== Segment start ==

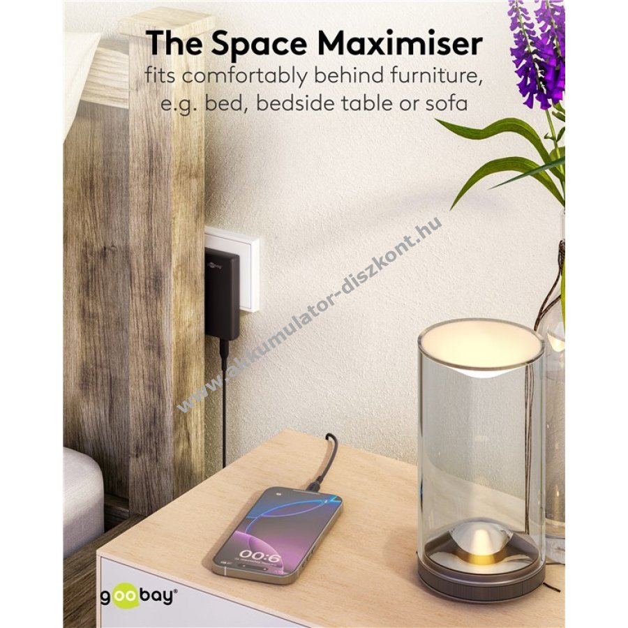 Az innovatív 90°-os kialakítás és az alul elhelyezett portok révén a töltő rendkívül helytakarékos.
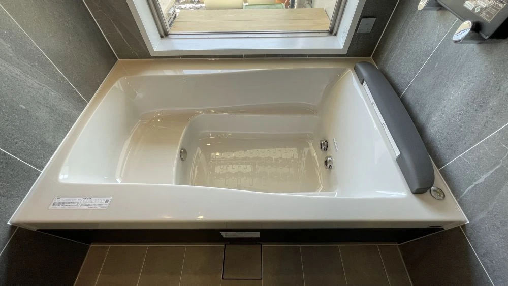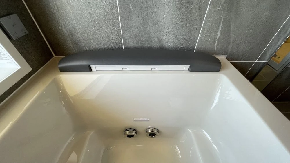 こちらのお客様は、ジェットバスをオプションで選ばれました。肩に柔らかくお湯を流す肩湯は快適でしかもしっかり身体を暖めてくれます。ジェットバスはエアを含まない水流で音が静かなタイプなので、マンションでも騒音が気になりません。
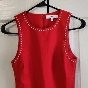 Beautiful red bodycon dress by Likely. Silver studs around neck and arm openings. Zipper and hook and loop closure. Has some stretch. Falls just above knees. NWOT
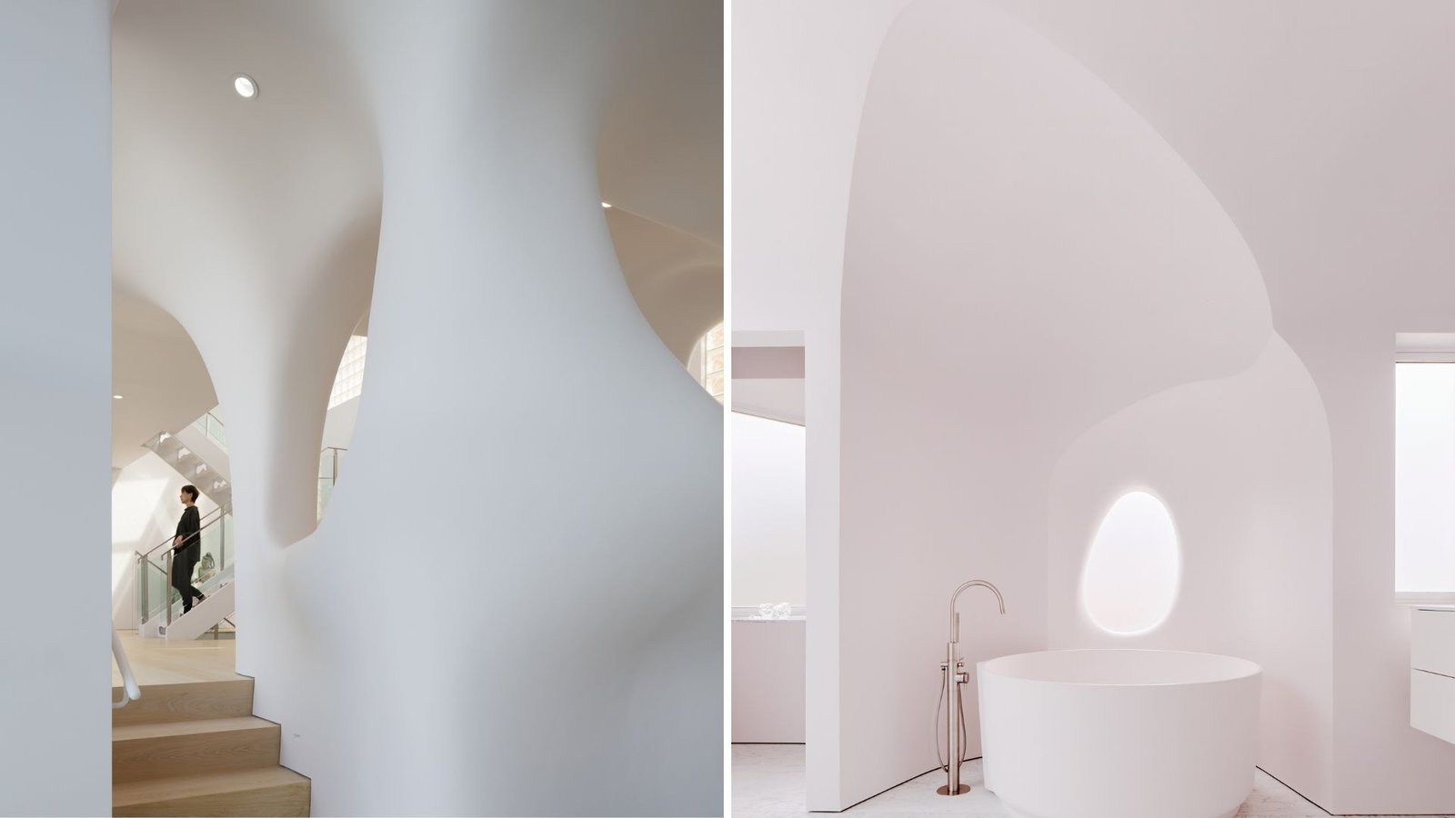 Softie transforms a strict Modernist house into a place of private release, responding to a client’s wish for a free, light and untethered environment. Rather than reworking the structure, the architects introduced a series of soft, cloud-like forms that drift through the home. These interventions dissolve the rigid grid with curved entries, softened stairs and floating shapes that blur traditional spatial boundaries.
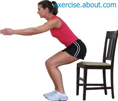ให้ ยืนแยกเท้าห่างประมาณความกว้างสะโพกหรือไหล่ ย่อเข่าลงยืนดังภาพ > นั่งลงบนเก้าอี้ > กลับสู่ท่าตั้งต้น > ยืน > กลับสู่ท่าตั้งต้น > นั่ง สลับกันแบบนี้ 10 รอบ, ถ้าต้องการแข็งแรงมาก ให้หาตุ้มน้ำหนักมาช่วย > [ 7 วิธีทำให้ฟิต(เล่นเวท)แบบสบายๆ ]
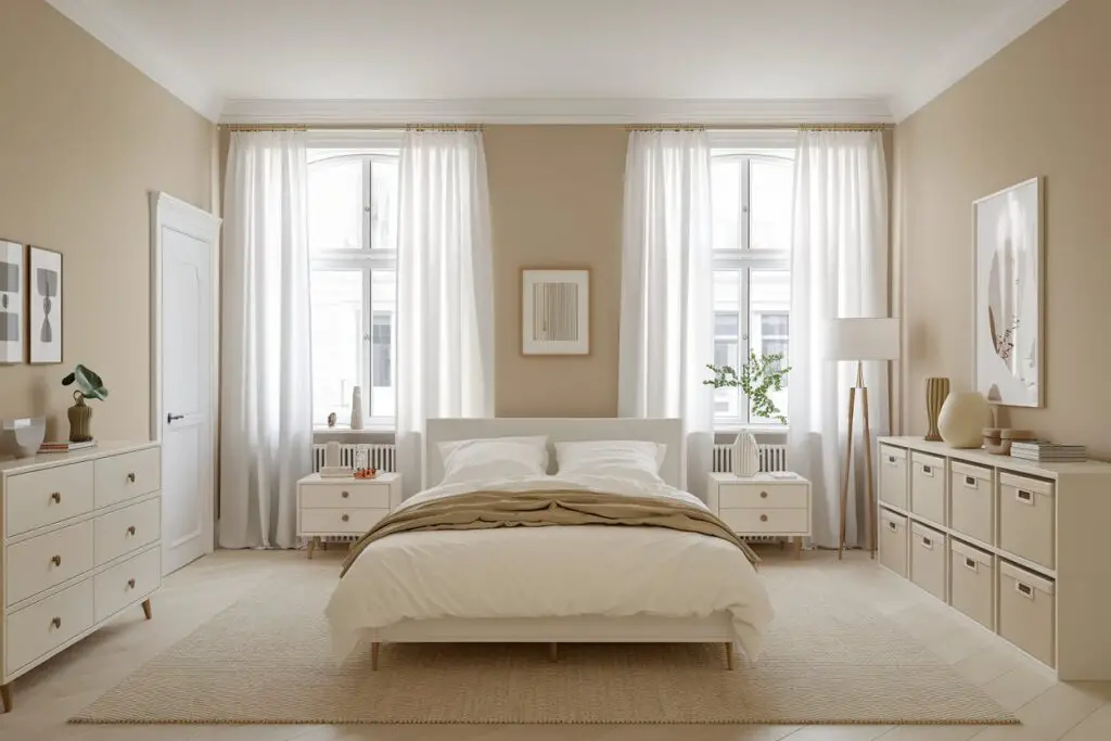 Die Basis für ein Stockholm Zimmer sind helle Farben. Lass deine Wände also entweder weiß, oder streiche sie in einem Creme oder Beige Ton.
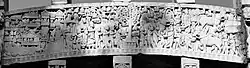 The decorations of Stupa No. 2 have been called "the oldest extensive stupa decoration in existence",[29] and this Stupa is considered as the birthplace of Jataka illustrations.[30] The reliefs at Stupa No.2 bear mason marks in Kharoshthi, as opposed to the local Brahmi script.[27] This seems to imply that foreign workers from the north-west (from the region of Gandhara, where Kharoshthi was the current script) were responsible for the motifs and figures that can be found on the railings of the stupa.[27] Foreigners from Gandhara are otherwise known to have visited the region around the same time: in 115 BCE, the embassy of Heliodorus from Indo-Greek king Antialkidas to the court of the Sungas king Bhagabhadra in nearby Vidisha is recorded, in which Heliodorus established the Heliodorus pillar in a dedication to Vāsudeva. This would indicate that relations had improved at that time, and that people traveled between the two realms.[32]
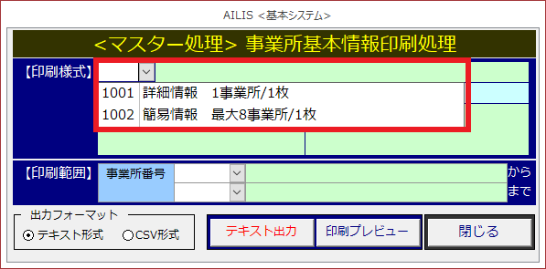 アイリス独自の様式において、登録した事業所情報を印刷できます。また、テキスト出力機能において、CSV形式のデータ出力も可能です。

== Segment end ==
== Segment start ==

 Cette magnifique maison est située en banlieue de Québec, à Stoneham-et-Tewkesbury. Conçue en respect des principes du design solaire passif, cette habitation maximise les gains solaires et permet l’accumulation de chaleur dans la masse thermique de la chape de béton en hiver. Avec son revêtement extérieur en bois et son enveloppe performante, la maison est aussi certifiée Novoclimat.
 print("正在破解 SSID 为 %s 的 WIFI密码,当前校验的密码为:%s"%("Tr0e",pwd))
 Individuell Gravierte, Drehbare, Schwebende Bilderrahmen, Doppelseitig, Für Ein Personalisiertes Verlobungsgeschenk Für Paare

== Segment end ==
== Segment start ==

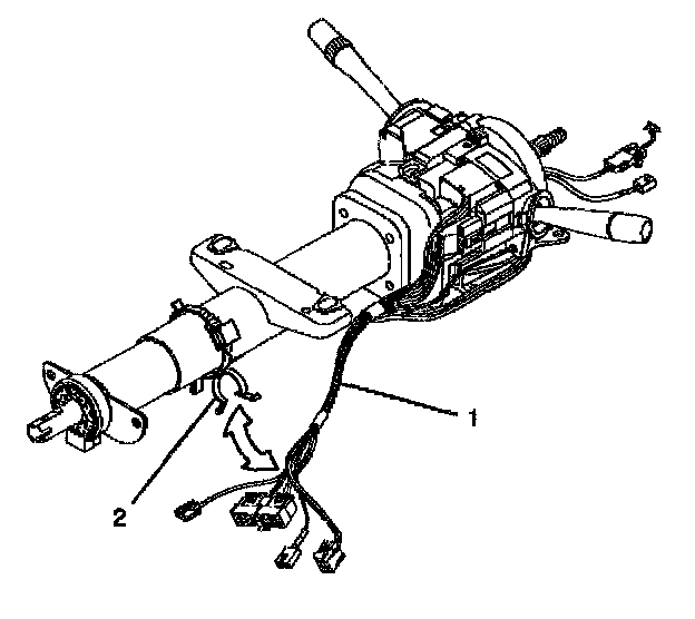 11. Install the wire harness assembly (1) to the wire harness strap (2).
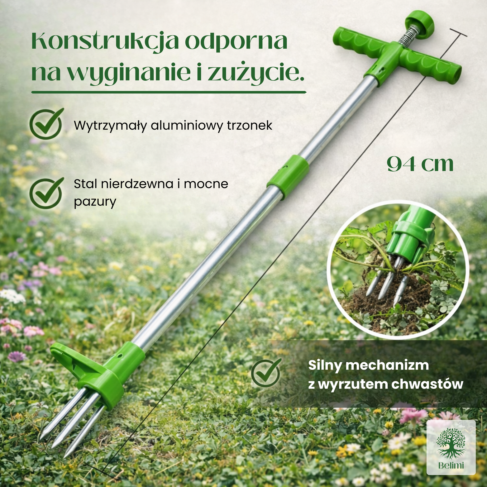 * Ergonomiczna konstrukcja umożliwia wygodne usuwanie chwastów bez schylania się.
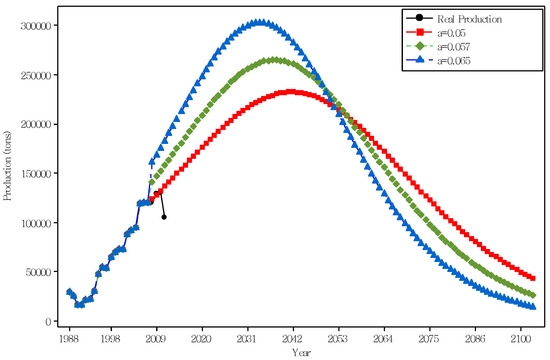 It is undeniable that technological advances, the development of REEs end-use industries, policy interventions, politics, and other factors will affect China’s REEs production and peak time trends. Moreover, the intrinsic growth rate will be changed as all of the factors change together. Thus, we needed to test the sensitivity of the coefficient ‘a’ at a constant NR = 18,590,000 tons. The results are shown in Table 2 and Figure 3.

== Segment end ==

Repeat exactly the lines above, beginning at the one containing "Softie transforms a" and ending at the one containing "アイリス独自の様式において、". Do not carry over any pictures.

 Softie transforms a strict Modernist house into a place of private release, responding to a client’s wish for a free, light and untethered environment. Rather than reworking the structure, the architects introduced a series of soft, cloud-like forms that drift through the home. These interventions dissolve the rigid grid with curved entries, softened stairs and floating shapes that blur traditional spatial boundaries.
ให้ ยืนแยกเท้าห่างประมาณความกว้างสะโพกหรือไหล่ ย่อเข่าลงยืนดังภาพ > นั่งลงบนเก้าอี้ > กลับสู่ท่าตั้งต้น > ยืน > กลับสู่ท่าตั้งต้น > นั่ง สลับกันแบบนี้ 10 รอบ, ถ้าต้องการแข็งแรงมาก ให้หาตุ้มน้ำหนักมาช่วย > [ 7 วิธีทำให้ฟิต(เล่นเวท)แบบสบายๆ ]
 Die Basis für ein Stockholm Zimmer sind helle Farben. Lass deine Wände also entweder weiß, oder streiche sie in einem Creme oder Beige Ton.
 The decorations of Stupa No. 2 have been called "the oldest extensive stupa decoration in existence",[29] and this Stupa is considered as the birthplace of Jataka illustrations.[30] The reliefs at Stupa No.2 bear mason marks in Kharoshthi, as opposed to the local Brahmi script.[27] This seems to imply that foreign workers from the north-west (from the region of Gandhara, where Kharoshthi was the current script) were responsible for the motifs and figures that can be found on the railings of the stupa.[27] Foreigners from Gandhara are otherwise known to have visited the region around the same time: in 115 BCE, the embassy of Heliodorus from Indo-Greek king Antialkidas to the court of the Sungas king Bhagabhadra in nearby Vidisha is recorded, in which Heliodorus established the Heliodorus pillar in a dedication to Vāsudeva. This would indicate that relations had improved at that time, and that people traveled between the two realms.[32]
 アイリス独自の様式において、登録した事業所情報を印刷できます。また、テキスト出力機能において、CSV形式のデータ出力も可能です。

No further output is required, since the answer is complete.